## TASK TO CARRY OUT
Using the data below, set down every line from the one containing "- Kolorowy dywan" through the one containing "28 könyvadomány is", inclusive and unchanged. Pictures are to be skipped.

## MATERIAL FOR THIS EXERCISE

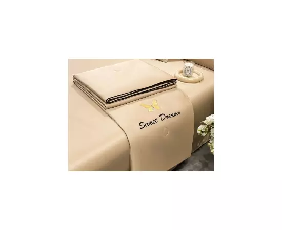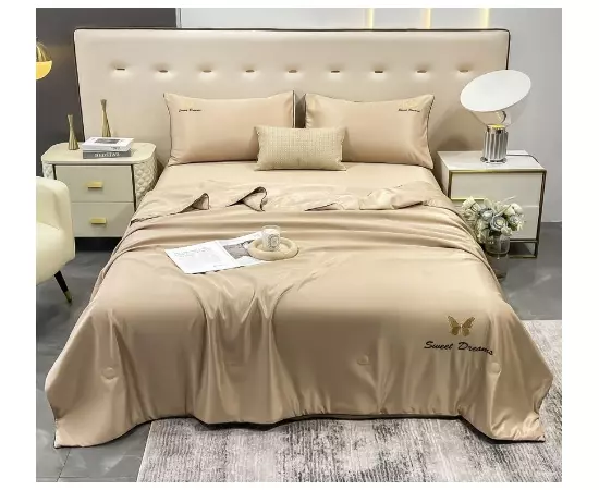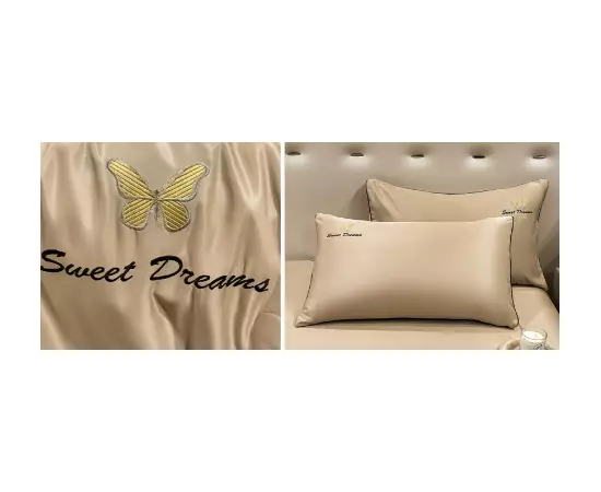 Lenjerie de Pat din Matase cu Pilota, 4 Piese pentru Pat Dublu - Bej - SIPRL-01
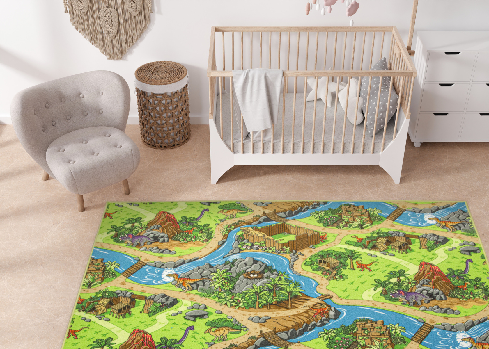 - Kolorowy dywan z wykładziny dziecięcej o wzorze w dinozaury i wulkany ze spodem wykończonym filcem
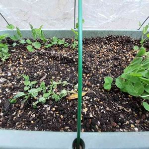 スナップえんどう、定植しました。 5つ種をまいて、4つが発芽しました😊 一緒に種をまいた、うすいえんどうはまだ 1つだけしか発芽していません⤵️
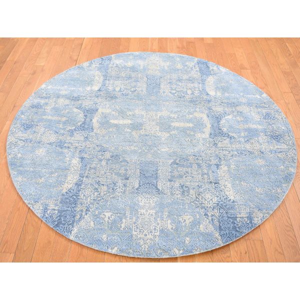 6’x6′ Denim Blue, Rajasthan with All Over Leaf Design, Wool and Silk Hand Knotted Thick and Plush, Round Oriental Rug HR80143
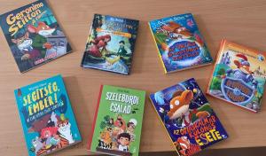 28 könyvadomány is érkezett, Nagy Nikoltól (V. B) 9 darab, Nyári Melinda tanárnő felajánlásából egy Rumini, de kaptunk Gyuláról és egyéb helyekről is.
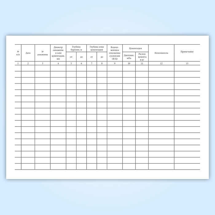 Для записи данных о бурении скважин и цементации пород при проходке ствола ведут журнал.
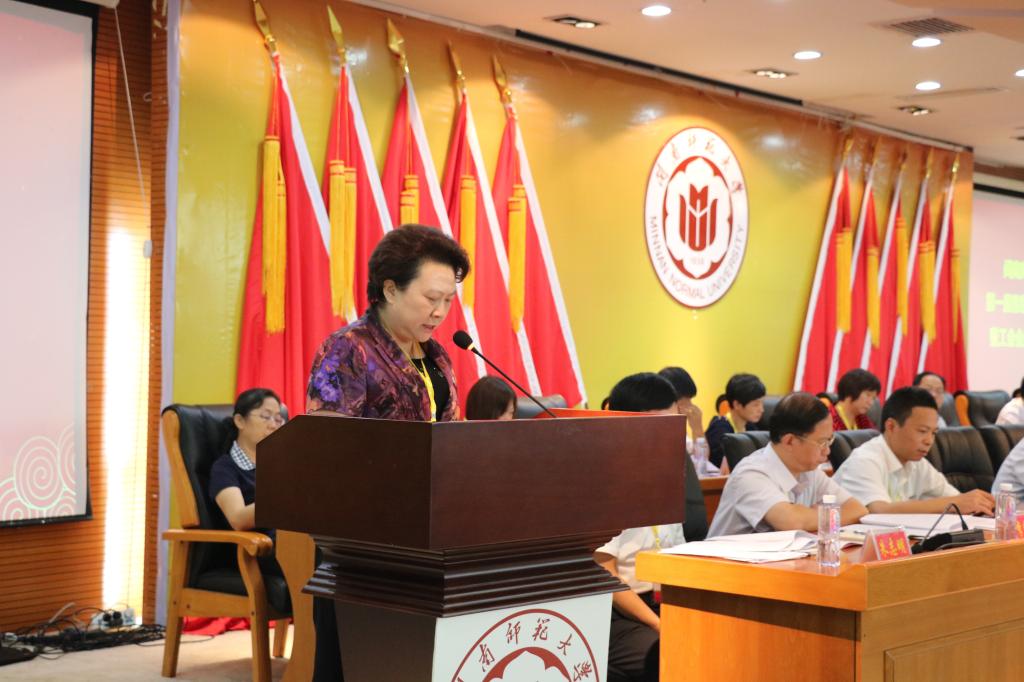 校黨委書記吳彬鏹在會上講話。吳彬鏹表示,會議期間,代表們以高度的政治責任感、歷史使命感和主人翁精神,認真履行職責、積極建言獻策,進一步統一了思想,形成了共識,增強了合力,充分展示了胸懷全局、心系發展的責任擔當及奮發向上、團結進取的精神面貌。他強調,全校師生要堅持以新閩師建設目標引領新發展、堅持以深化綜合改革推動新發展、堅持以奮力沖刺博士學位授權單位贏得新發展、堅持以新時代實干擔當的優良作風保障新發展。要在習近平新時代中國特色社會主義思想指引下,振奮精神,堅定信心,搶抓機遇,攻堅克難,全面加快改革發展步伐,同心協力建設“新閩師”。他希望新一屆教代會執委會和工會委員會牢固樹立“四個意識”,增強“四個自信”,牢牢把握教代會、工會工作正確的政治方向,充分發揮橋梁紐帶和促進民主管理的作用,圍繞中心、服務大局,加強自身建設,認真履職盡責,提高服務水平,努力建設教職工滿意信賴的“職工之家”;希望各位代表充分發揮代表性和先進性,廣泛深入聯系師生群眾,率先垂范做好本職工作,團結和動員廣大教職員工振奮精神、開拓創新、擔當作為,同心協力為學校改革發展做出新貢獻。

## RESULT FOR THIS TASK
 - Kolorowy dywan z wykładziny dziecięcej o wzorze w dinozaury i wulkany ze spodem wykończonym filcem
 スナップえんどう、定植しました。 5つ種をまいて、4つが発芽しました😊 一緒に種をまいた、うすいえんどうはまだ 1つだけしか発芽していません⤵️
 6’x6′ Denim Blue, Rajasthan with All Over Leaf Design, Wool and Silk Hand Knotted Thick and Plush, Round Oriental Rug HR80143
 28 könyvadomány is érkezett, Nagy Nikoltól (V. B) 9 darab, Nyári Melinda tanárnő felajánlásából egy Rumini, de kaptunk Gyuláról és egyéb helyekről is.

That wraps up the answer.